For India and Russia, the broader geo-strategic framework of their partnership is the objective of “global peace and stability in a multipolar world as well as in a multipolar Asia”. The summit agreed that this “should be ensured upon the basis of equal and indivisible security”. This directly challenges attempts to carve out spheres of influence in the current international order, and references to a “G2” world order regulated by understandings between the United States and China.
The defence cooperation pillar for the India-Russia partnership continues to stand tall. The joint development of defence platforms has served India’s national interests well. This includes the performance of Russian-origin Indian-manufactured Su-30MKI fighter aircraft and BrahMos missiles during Operation Sindoor. The two sides gave a new thrust for converging their defence cooperation to meet “India’s quest for self-reliance” through joint research and development of advanced defence technology and systems. Russia’s increased participation in the Make in India programme will enhance the employment prospects and skills of Indian workers, as demonstrated by the ongoing AK-203 rifle manufacturing project in India. Russia’s cooperation on manufacturing parts and components and transferring defence technologies to India contrasts with the continuing ambivalence of some of India’s Western partners in this regard.

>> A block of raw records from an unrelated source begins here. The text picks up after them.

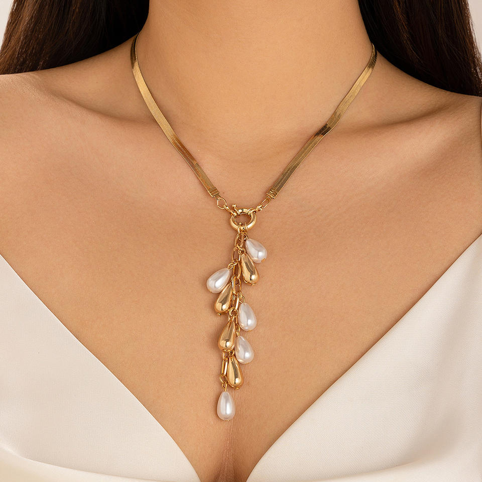 Collier chaîne serpent perle baroque gland et lame de cuivre tour de cou style palais vintage bijoux pour femmes
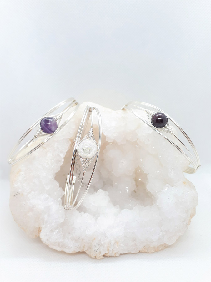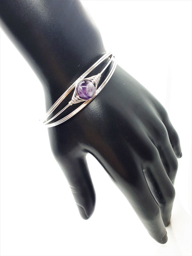 Ručno izrađena posrebrena narukvica galvanizirana srebrom sa ametistom.
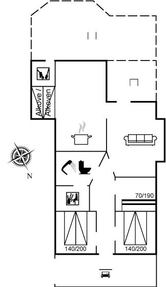 Der er i alt 3 soveværelser. Sovepladserne fordeler sig på: 4 sovepladser i dobbeltsenge. 2 sovepladser i køjeseng. 2 sovepladser i alkove. 2 af disse sovepladser befinder sig i stuen. Derudover er der 1 stk. barneseng.
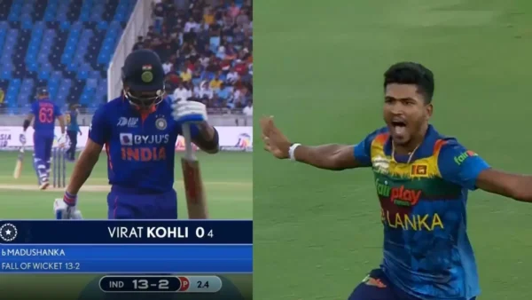 Virat Kohli was cleaned up for a four-ball duck by Dilshan Madushanka in a crucial Asia Cup 2022 encounter in Dubai on Tuesday, September 6.
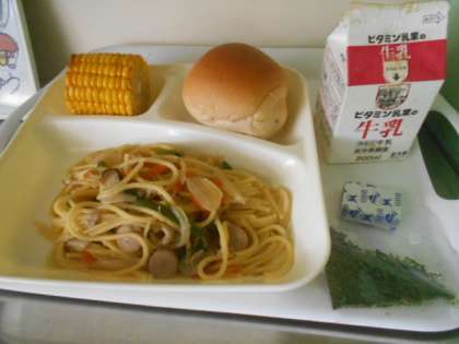 スパゲッティは、ウインナーやベーコン、きのこなどの具材がたっぷりで、ボリュームがあります。和風の味付けで、添付のきざみのりとも相性抜群です。
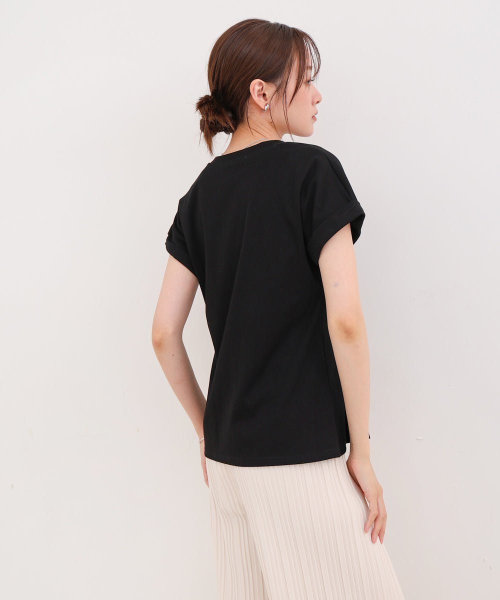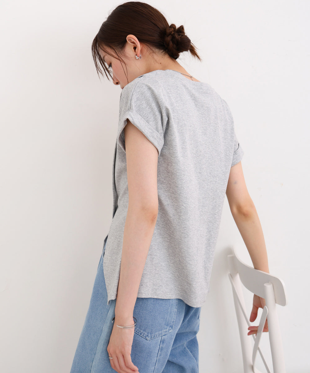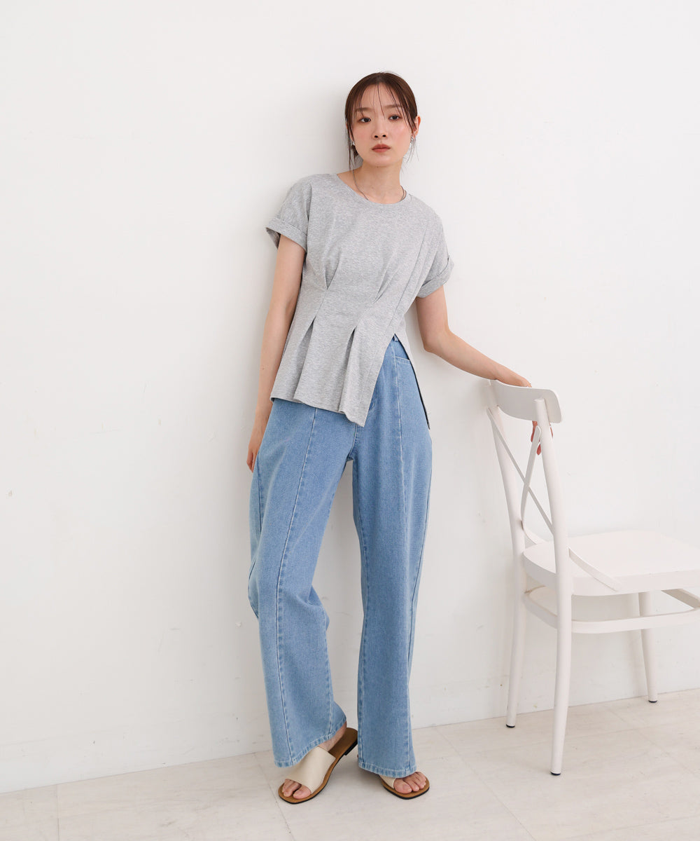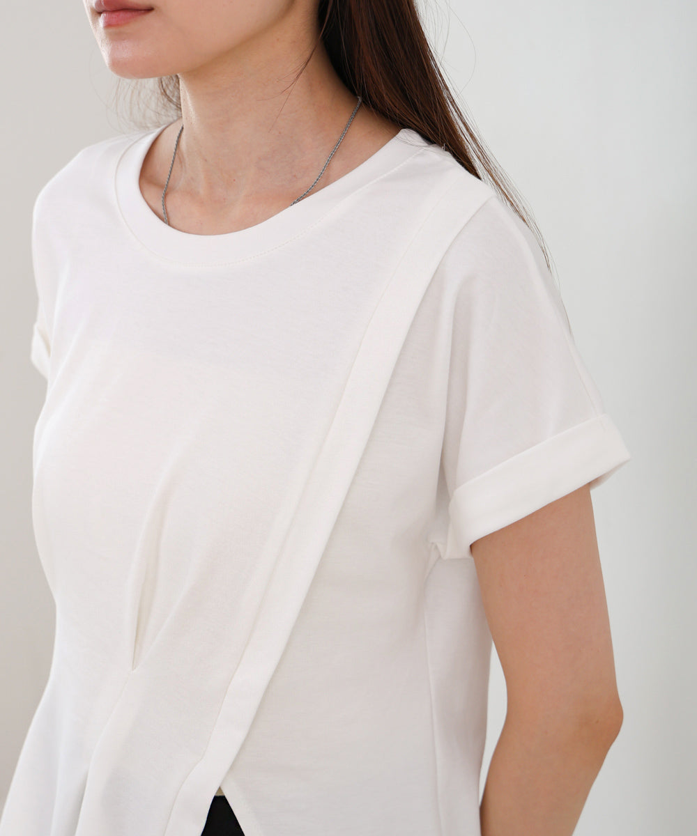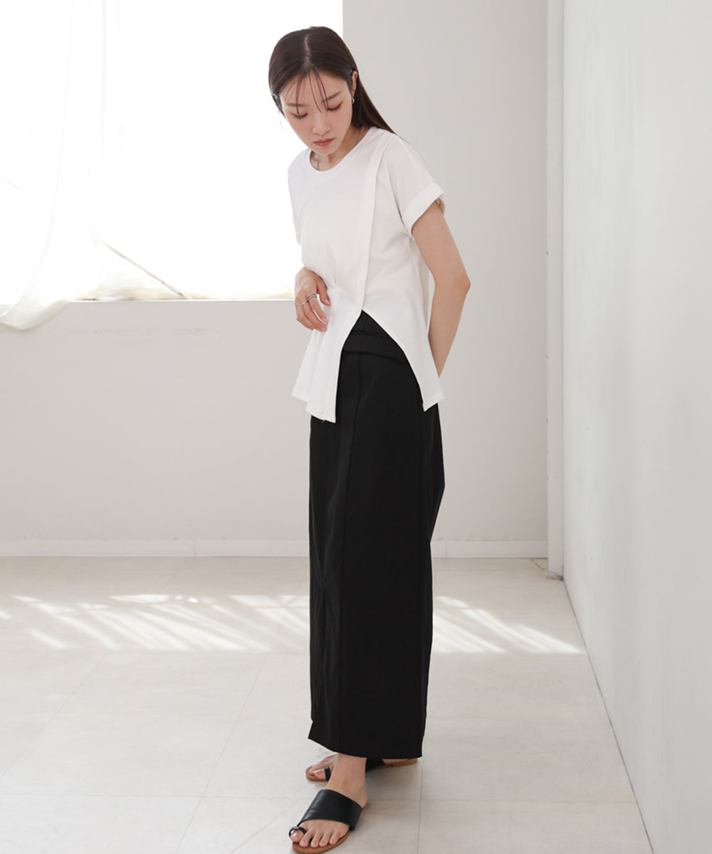 上品な抜け感と立体感を演出する、フロントタックデザインのスリット入りトップス。ミニマルな中にもディテールで差がつく、大人のためのニュアンスアイテムです。フロントに施したタックが、さりげなく縦ラインを強調し、すっきりとした印象に。柔らかな生地感が身体のラインを拾いすぎず、タック部分によってスタイルアップしてみえます。Mサイズのみのワンサイズ仕様で、ほどよいゆとりのあるシルエットに仕上げています。

Despite continued unilateral Western sanctions, President Putin stated Russia’s readiness to “continue ensuring uninterrupted fuel supplies” to India. The two leaders endorsed continuing investments in each other’s energy infrastructure as a strategic objective for meeting India’s energy security needs. Russia continues to be India’s only foreign partner in clean nuclear energy. Negotiations for a free trade area between India and the Eurasian Economic Union launched in August and the increased use of national currencies, which already account for 96 per cent of bilateral trade, are further evidence of an attempt to consolidate economic ties.
The India-Russia partnership, therefore, stands on its own merits. By hosting President Putin, Delhi has demonstrated its interest in making it an integral part of an equitable multipolar order that supports India’s emergence as a major power.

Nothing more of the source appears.